We can define a total order on $\Bbb C$ in various ways--I'll give you a few if you're interested.

We cannot give an order that is compatible with the operations on $\Bbb C$ so that $\Bbb C$ is an ordered field. If we could, would $i$ be positive or negative?

Basically, it depends on how you want to define "bigger/smaller" in this instance. Give us more detail, and we can better answer your question.

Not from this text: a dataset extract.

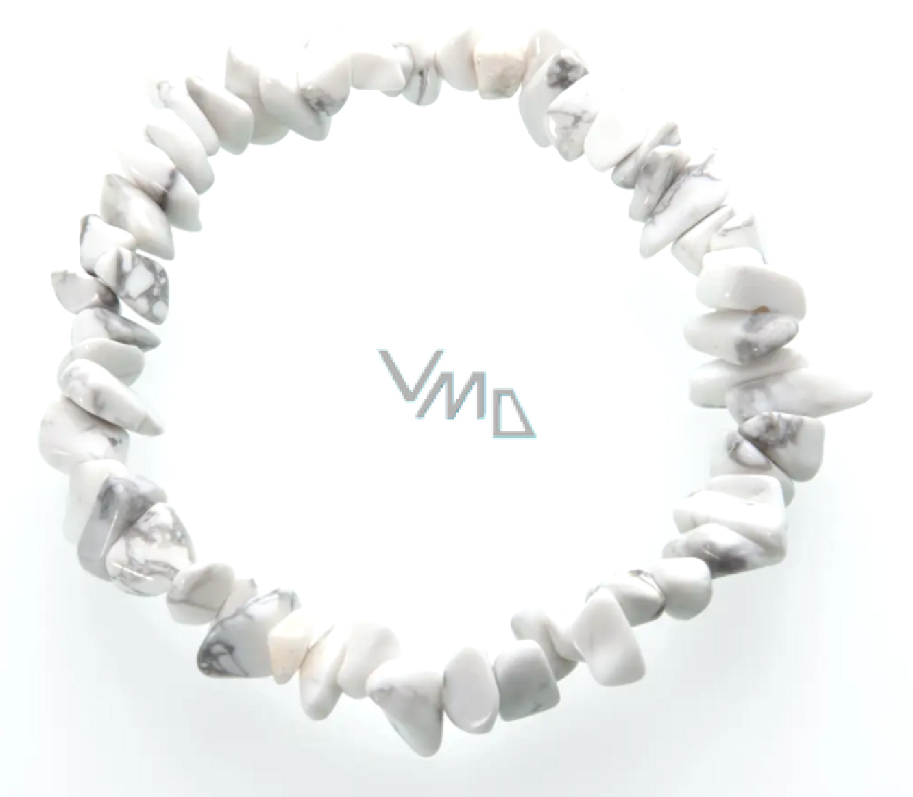 Magnezit / Howlit bílý náramek elastický sekaný přírodní kámen 19 cm, očistný kámen

You can't define a total order $\le$ so that $\mathbb{C}$ is an ordered field:

$(1)\space\forall a, b, c \in \mathbb{C}, a ≤ b \Rightarrow a + c ≤ b + c$

$(2)\space\forall a, b \in \mathbb{C}, 0 ≤ a \land 0 ≤ b \Rightarrow 0 ≤ a b$

Either $0 \le 1$ or $1 \le 0$ in which case $0\le-1$. Let $\varepsilon \in\{-1,1\}$ so that $0 \le \varepsilon$

Either $0\le i$ or $i \le 0$ in which case $0\le-i$. Let $\delta \in \{-i,i\}$ so that $0\le\delta$

Now you can just derive something absurd:

You have $0\le \varepsilon$ and $0\le \delta$

So by $(2)$, $0\le\varepsilon\delta$

By $(2)$ again, $0\le\varepsilon\delta\delta = \varepsilon(-1) = -\varepsilon$

So $\varepsilon \le 0$

Now we have $0\le\varepsilon$ and $\varepsilon\le 0$ so $\varepsilon=0$

But we have $\varepsilon\in\{-1,1\}$

Absurd.